──────── TASK MATERIAL ────────

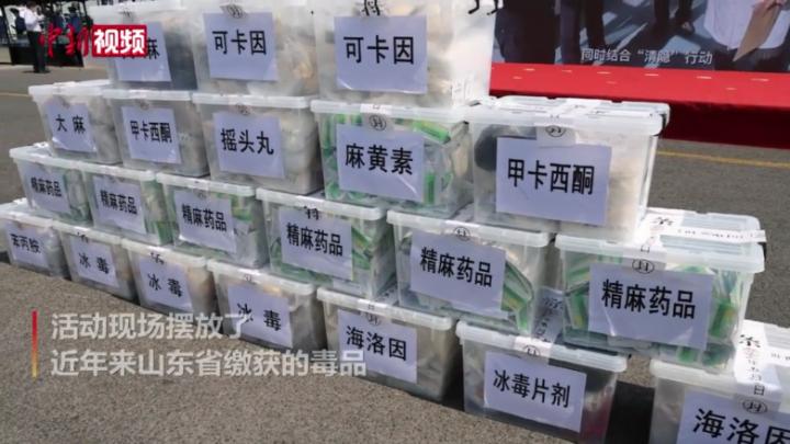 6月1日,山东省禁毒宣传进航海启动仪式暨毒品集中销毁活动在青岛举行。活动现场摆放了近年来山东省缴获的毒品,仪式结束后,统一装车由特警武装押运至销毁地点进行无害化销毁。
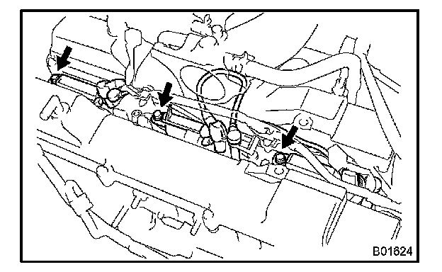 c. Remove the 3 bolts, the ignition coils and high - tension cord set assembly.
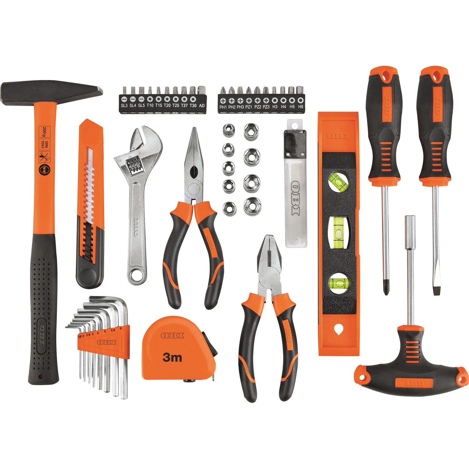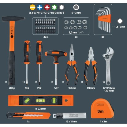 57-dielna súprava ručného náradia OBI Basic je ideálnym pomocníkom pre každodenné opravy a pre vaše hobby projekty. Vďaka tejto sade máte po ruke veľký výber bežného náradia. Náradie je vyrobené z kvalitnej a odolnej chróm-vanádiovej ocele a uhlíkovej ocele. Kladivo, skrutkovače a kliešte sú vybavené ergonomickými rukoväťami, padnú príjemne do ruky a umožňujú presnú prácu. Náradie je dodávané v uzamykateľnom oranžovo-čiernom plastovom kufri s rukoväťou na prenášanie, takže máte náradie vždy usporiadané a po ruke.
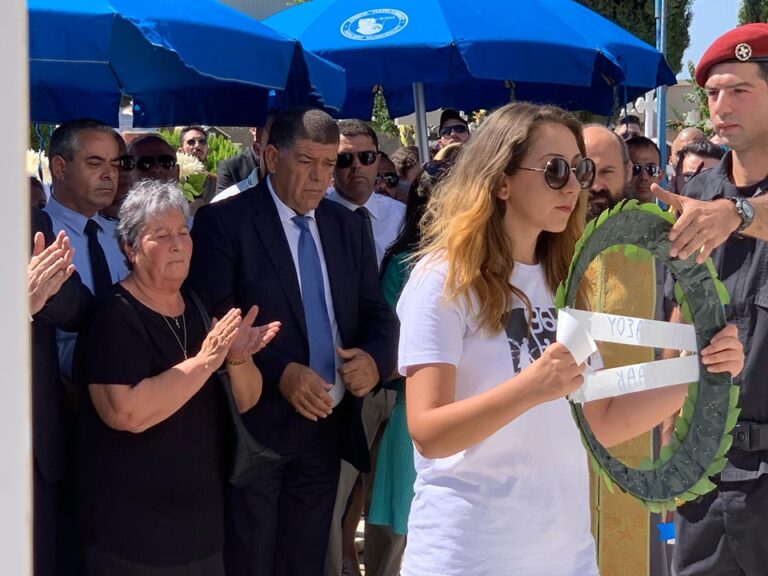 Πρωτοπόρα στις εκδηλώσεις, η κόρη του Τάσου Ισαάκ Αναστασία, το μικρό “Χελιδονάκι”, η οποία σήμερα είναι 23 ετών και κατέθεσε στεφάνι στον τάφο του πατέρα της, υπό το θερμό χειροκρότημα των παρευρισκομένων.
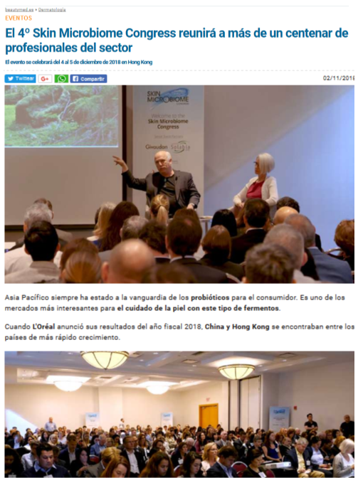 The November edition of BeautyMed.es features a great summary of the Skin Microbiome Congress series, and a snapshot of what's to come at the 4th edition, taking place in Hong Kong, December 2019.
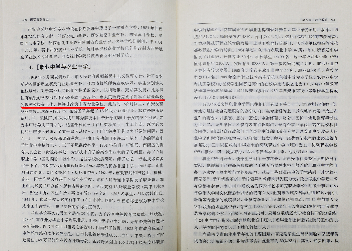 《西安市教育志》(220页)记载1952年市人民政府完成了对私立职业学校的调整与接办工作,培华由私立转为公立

────────
──────── TASK MATERIAL ────────

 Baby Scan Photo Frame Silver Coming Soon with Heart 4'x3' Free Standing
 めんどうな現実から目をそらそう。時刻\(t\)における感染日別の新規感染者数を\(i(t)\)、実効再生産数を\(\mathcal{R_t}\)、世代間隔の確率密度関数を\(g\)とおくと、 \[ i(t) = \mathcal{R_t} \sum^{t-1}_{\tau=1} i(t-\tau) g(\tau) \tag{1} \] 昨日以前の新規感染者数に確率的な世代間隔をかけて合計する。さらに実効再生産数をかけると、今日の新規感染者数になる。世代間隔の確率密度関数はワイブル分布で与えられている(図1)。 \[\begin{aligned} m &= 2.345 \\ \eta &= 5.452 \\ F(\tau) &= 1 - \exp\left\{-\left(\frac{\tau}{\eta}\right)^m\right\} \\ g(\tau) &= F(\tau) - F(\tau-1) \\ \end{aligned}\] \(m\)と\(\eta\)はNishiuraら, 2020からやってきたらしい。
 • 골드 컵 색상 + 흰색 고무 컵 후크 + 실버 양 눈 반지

────────
──────── TASK MATERIAL ────────

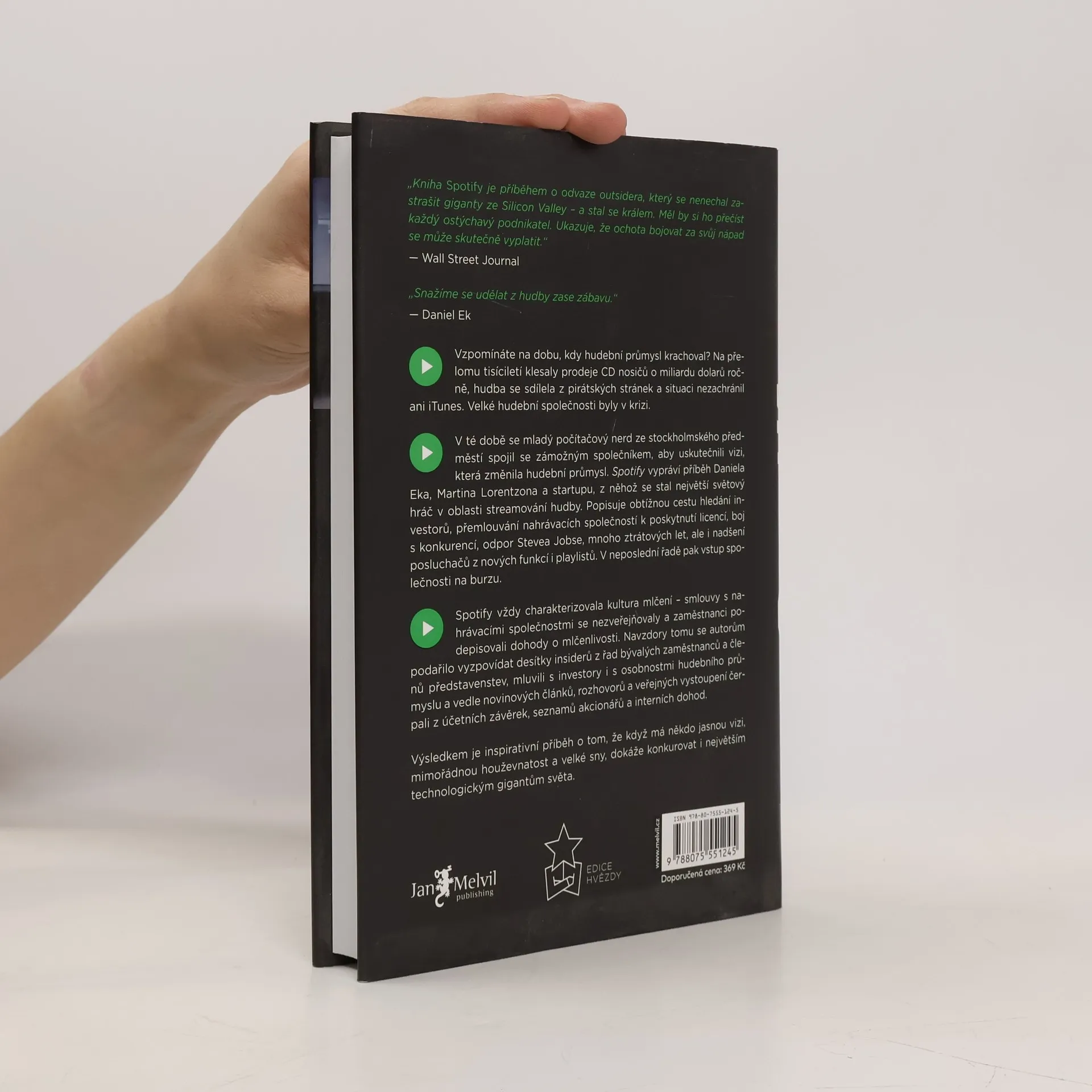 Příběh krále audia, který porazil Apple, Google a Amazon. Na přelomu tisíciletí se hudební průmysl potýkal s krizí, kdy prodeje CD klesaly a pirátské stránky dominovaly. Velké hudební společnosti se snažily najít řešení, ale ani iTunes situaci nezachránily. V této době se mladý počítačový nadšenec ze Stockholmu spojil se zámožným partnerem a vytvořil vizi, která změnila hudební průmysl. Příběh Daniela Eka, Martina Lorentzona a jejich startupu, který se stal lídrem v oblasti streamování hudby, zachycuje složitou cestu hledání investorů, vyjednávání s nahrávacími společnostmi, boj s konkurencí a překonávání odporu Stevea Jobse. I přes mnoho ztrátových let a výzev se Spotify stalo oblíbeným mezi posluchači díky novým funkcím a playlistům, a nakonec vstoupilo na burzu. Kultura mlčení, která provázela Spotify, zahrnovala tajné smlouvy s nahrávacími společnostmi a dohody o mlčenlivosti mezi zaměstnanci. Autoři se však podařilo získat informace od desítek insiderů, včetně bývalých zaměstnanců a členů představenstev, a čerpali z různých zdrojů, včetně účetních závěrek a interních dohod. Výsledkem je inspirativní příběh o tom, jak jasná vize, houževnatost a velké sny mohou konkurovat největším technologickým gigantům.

────────

In the records above, find the line with "6月1日,山东省禁毒宣传进航" and the line with "c. Remove the"; please transcribe exactly those two lines and all lines between them, omitting any picture.

→ **SOLUTION BELOW**
 6月1日,山东省禁毒宣传进航海启动仪式暨毒品集中销毁活动在青岛举行。活动现场摆放了近年来山东省缴获的毒品,仪式结束后,统一装车由特警武装押运至销毁地点进行无害化销毁。
 c. Remove the 3 bolts, the ignition coils and high - tension cord set assembly.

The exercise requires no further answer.